Ashutosh, you were interested in reviewing this earlier. Would you have
a chance to review this now, before I commit it? Alexander, Alvaro,
would you have a chance to take a final look too, please?
- Heikki
One more small issue: The docs for pg_resetwal contain recipes for how to determine safe values to use: > -m mxid,mxid > --multixact-ids=mxid,mxid > Manually set the next and oldest multitransaction ID. > > A safe value for the next multitransaction ID (first part) can be > determined by looking for the numerically largest file name in the > directory pg_multixact/offsets under the data directory, adding one, > and then multiplying by 65536 (0x10000). Conversely, a safe value > for the oldest multitransaction ID (second part of -m) can be > determined by looking for the numerically smallest file name in the > same directory and multiplying by 65536. The file names are in > hexadecimal, so the easiest way to do this is to specify the option > value in hexadecimal and append four zeroes. > > -O mxoff > --multixact-offset=mxoff > > Manually set the next multitransaction offset. > > A safe value can be determined by looking for the numerically > largest file name in the directory pg_multixact/members under the > data directory, adding one, and then multiplying by 52352 (0xCC80). > The file names are in hexadecimal. There is no simple recipe such as > the ones for other options of appending zeroes. I think those recipes need to be adjusted for 64-bit offsets. - Heikki
On Wed, 19 Nov 2025 at 19:20, Heikki Linnakangas <hlinnaka@iki.fi> wrote:
I think those recipes need to be adjusted for 64-bit offsets.
Sorry if this is too obvious, but with 32-bit offsets, we get:
SLRU_PAGES_PER_SEGMENT * BLKSZ / sizeof(MXOff) =
32 * 8192 / 4 = 65,536 mxoff per segment.
Now, with 64-bits offsets, we should have half as much.
Best regards,
Maxim Orlov.
On Mon, Nov 17, 2025 at 10:05 PM Heikki Linnakangas <hlinnaka@iki.fi> wrote:
>
> Ashutosh, you were interested in reviewing this earlier. Would you have
> a chance to review this now, before I commit it?
0002 seems to be fine. It's just moving code from one file to another.
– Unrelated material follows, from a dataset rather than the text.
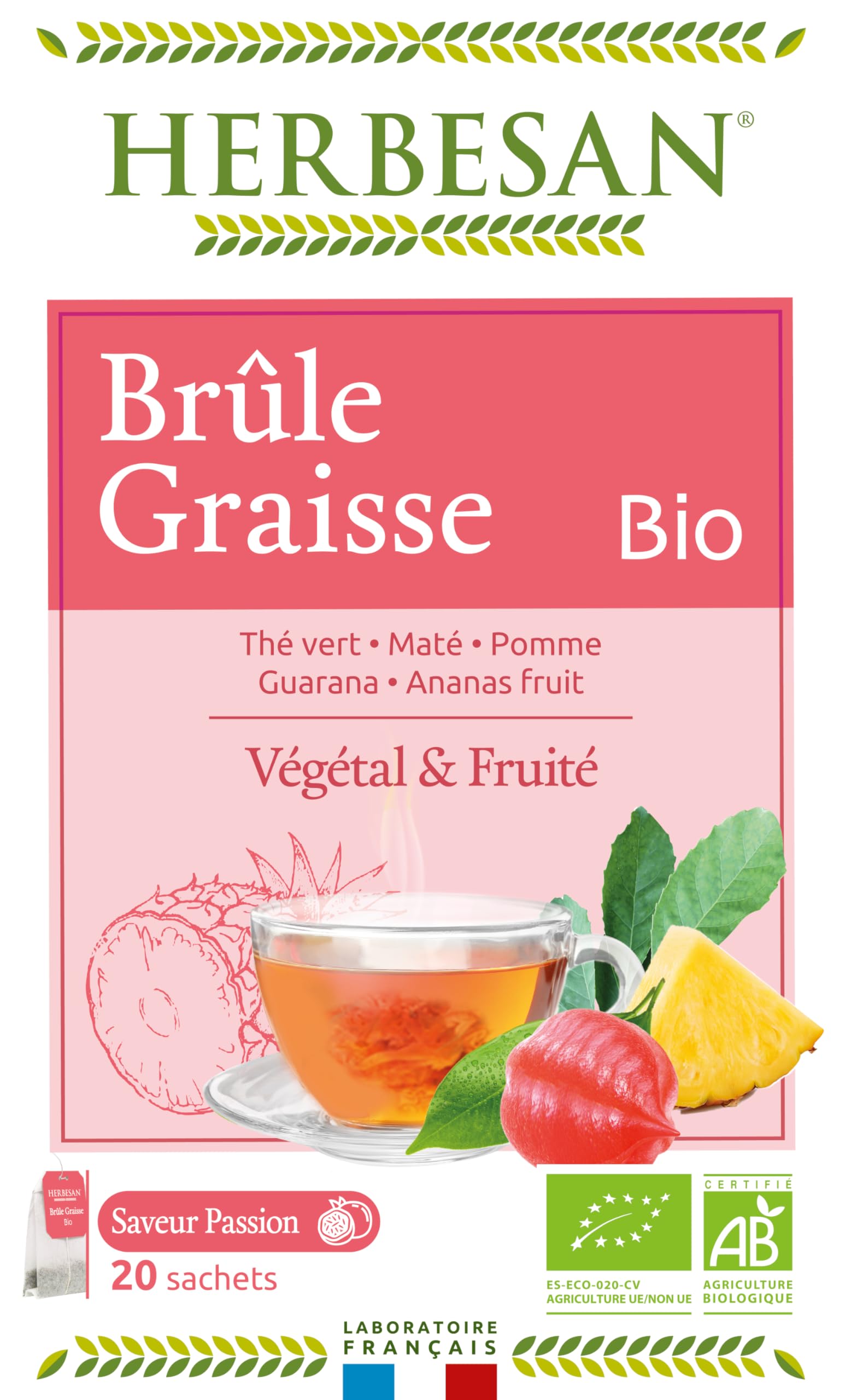 This Herbesan infusion combines different plants for a fat-burning action. INGREDIENTS Green tea (leaf) 50 , Green mate (leaf) 30 , Apple (fruit) 14 , natural Passion fruit flavor 5 , Guarana (seed) 0.8 , Pineapple (fruit) 0.2 DIRECTIONS FOR USE To enjoy the full intensity of the flavor and properties of the plants in your infusion, pour boiling water (approximately 200 ml) over one bag at a rate of 2 to 3 cups per day. Let it steep for 4 minutes before enjoying, preferably in the morning and or at midday. SAFETY WARNING To fully enjoy the flavor and herbal properties of your infusion, pour boiling water (approximately 200 ml) over one tea bag, drinking 2 to 3 cups per day. Let it steep for 4 minutes before enjoying, preferably in the morning and or at midday. Natural and effective products that meet all your needs. We develop and manufacture them in our workshops in Hauts-de-France. Experts in phytotherapy. HERBESAN is a French herbalist laboratory. OUR EXPERTISE?For 80 years. Cette infusion Herbesan associe diffÃrentes plantes pour une action brûle-graisse. INGRÉDIENTS Thé vert (feuille) 50 , Maté vert (feuille) 30 , Pomme (fruit) 14 , arôme naturel de Fruit de la passion 5 , Guarana (graine) 0,8 , Ananas (fruit) 0,2 MODE D'EMPLOI Afin de pouvoir savourer toute l'intensité de la saveur et des propriétés des plantes de votre infusion, versez de l'eau frémissante (environ 200 ml) sur un sachet à raison de 2 à 3 tasses par jour. Laisser infuser 4 minutes avant de déguster, de préférence le matin et ou le midi. AVERTISSEMENT DE SÛRETÉ Afin de pouvoir savourer toute l'intensité de la saveur et des propriétés des plantes de votre infusion, versez de l'eau frémissante (environ 200 ml) sur un sachet à raison de 2 à 3 tasses par jour. Laisser infuser 4 minutes avant de déguster, de préférence le matin et ou le midi. des produits naturels efficaces qui répondent à tous vos besoins. nous développons et fabriquons dans nos ateliers des Hauts-de-France. Expert en phytothérapie. HERBESAN est un laboratoire herboriste français. NOTRE EXPERTISE?Depuis 80 ans.

However, the name multixact_internals.h seems to be misusing term
"internal". I would expect an "internal.h" to expose things for use
within the module and not "externally" in other modules. But this
isn't the first time, buf_internal.h, toast_internal.h
bgworker_internal.h and so on have their own meaning of what
"internal" means to them. But it might be better to use something more
meaningful than "internal" in this case. The file seems to contain
declarations related to how pg_multixact SLRU is structured. To that
effect multixact_slru.h or multixact_layout.h may be more appropriate.
There are two offsets that that file deals with offset within
pg_multixact/offset, MultiXactOffset and member offset (flag offset
and xid offset) within pg_multixact/members. It's quite easy to get
confused between those when reading that code. For example, it's not
clear which offset MultiXactIdToOffset* functions are about. These
functions are calculating the page, entry (within the page) and
segment (of page) in pg_multixact/offset where to find the
MultiXactOffset of the first member of a given mxid. Thus returning
offset within offset. I feel they should have been named differently
when the code was written. But now that we are moving this code in a
separate file, we also have an opportunity to rename it better. I
think MXOffsetToMember* functions have better names. Using a similar
convention we could use MultiXactIdToOffsetOffset*, but that might
increase confusion. How about MultiXactIdToOffsetPos*? A separate .h
file also looks like a good place to document how offsets are laid out
and its contents and how members is laid out. The latter is somehow
documented in terms of macros and the static functions. The first is
not documented well, I feel. This refactoring seems to be a good
opportunity to do that. If we do so, I think, the .h there will be
some value in committing .h file as a separate commit.
The reason why this eliminates the need for wraparound is mentioned
somewhere in GetNewMultiXactId(), but probably it should be mentioned
at a more prominent place and also in the commit message. I expected
it to be in the prologue of GetNewMultiXactId(), and then a reference
to prologue from where the comment is right now.
ereport(ERROR,
(errcode(ERRCODE_PROGRAM_LIMIT_EXCEEDED),
errmsg("MultiXact members would wrap around")));
If a server ever reaches this point, there is no way but to create
another cluster, if the applications requires multi-xact ids? We
should also provide this as an errhint().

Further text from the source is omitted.